This post will provide an example using the configuration integral for the canonical ensemble in statistical mechanics. I want to evaluate the integral using various methods, starting with grid-based integration methods. Using a grid-based method suffers from the curse of dimensionality, where adding particles raises the time to compute exponentially (which is why Monte Carlo methods are normally used). However, it can still be useful to check Monte Carlo codes with other integration methods for small particle numbers. Also, the free energy (and all associated quantities) is computed directly, where it is more difficult to compute with MC methods. Finally, I'm curious as to how large of a system could be computed on today's hardware.
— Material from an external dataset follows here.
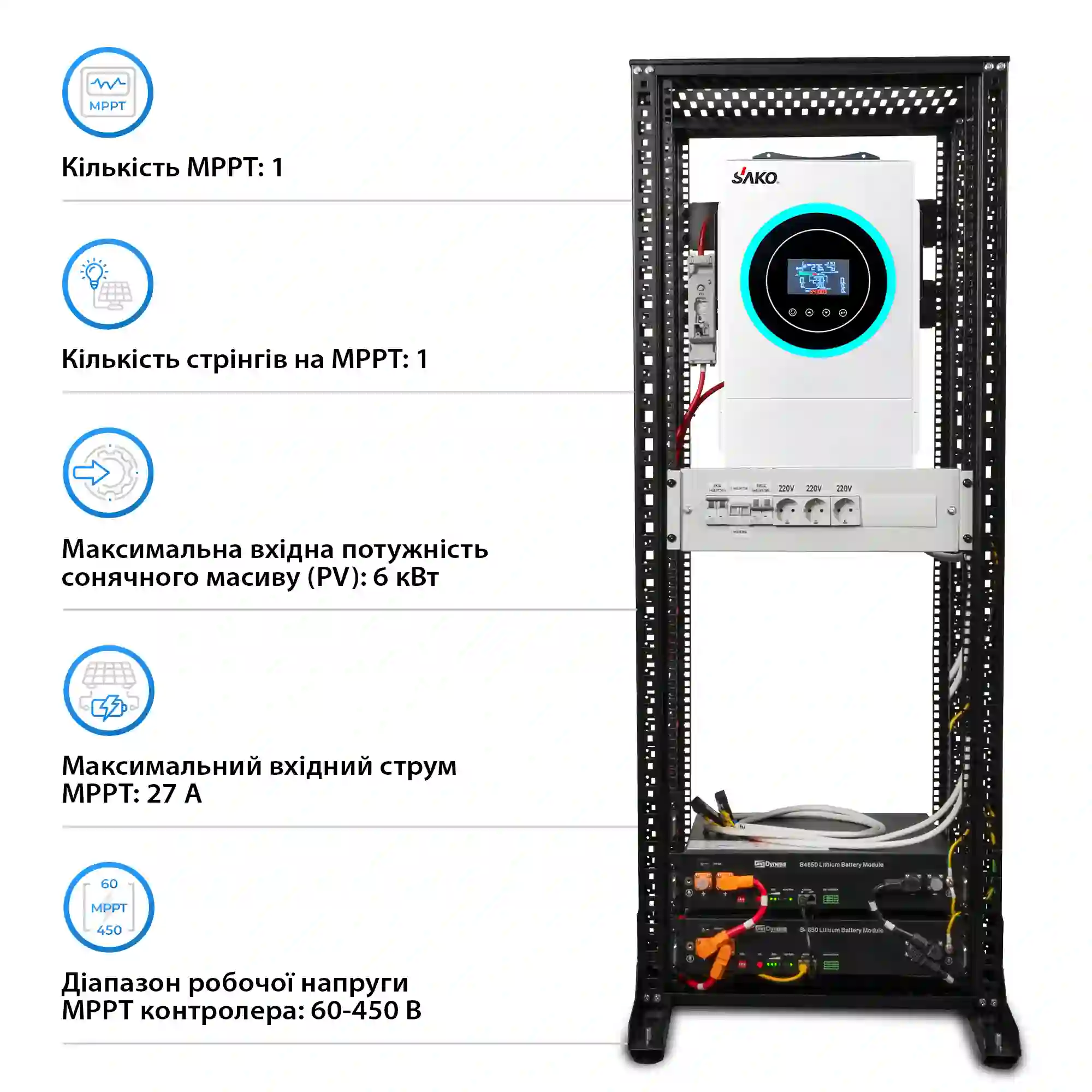 Сердцем системы являются две батареи B4850 типа LiFePO4. Их суммарная ёмкость составляет 100 Ач, что позволяет хранить 4.8 кВт⋅ч энергии. Это высокоэффективное решение, которое поддерживает до 6000 циклов зарядки-разрядки, обеспечивая вам долгие годы надёжной работы. Батареи заряжаются всего за 1 час благодаря встроенной MPPT зарядке на 80 А.

Sympy is the computer algebra system I'm using. The code for this example is available on github in the derivation_modeling branch, in the prototype subdirectory.
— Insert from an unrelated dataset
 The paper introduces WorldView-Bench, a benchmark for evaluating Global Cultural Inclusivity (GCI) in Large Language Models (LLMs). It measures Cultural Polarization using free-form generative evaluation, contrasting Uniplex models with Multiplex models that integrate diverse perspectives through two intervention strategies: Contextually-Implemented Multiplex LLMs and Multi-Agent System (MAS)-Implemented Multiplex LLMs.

The output (MathML and generated python) can be seen here.
The flow is as follows:
- Derive the composite trapezoidal rule, starting from the expression for a single interval
- Generate code for the composite trapezoidal rule
- Start from the configuration integral (which I've called the partition function in the documents) and transform it by specializing various parameters - 2 particles in 2 spatial dimensions, using the Lennard-Jones interaction potential, etc - until it becomes completely specified numerically.
- Generate code that evaluates this integral using the generated integration code from step 2
There's still a tremendous amount of work to do on this, but hopefully an outline of this style of programming is visible from the example.
- The MathML pages have a lot of detailed small steps - it would be nice to have a collapsible hierarchy so all the little steps can be hidden.
- Some abstractions should remain during the steps - in particular the potential. The expression for the integrand can get quite messy from explicitly inserting the expression for the potential (and this is a simple case - more complex potentials would make it unreadable).
- More backends for the code generation - C/C++ is the obvious choice in pursuit of higher performance. (The generated python can be run through Shed Skin, for another route to C++). Converting to Theano expressions might be a quick way to try it out on the GPU.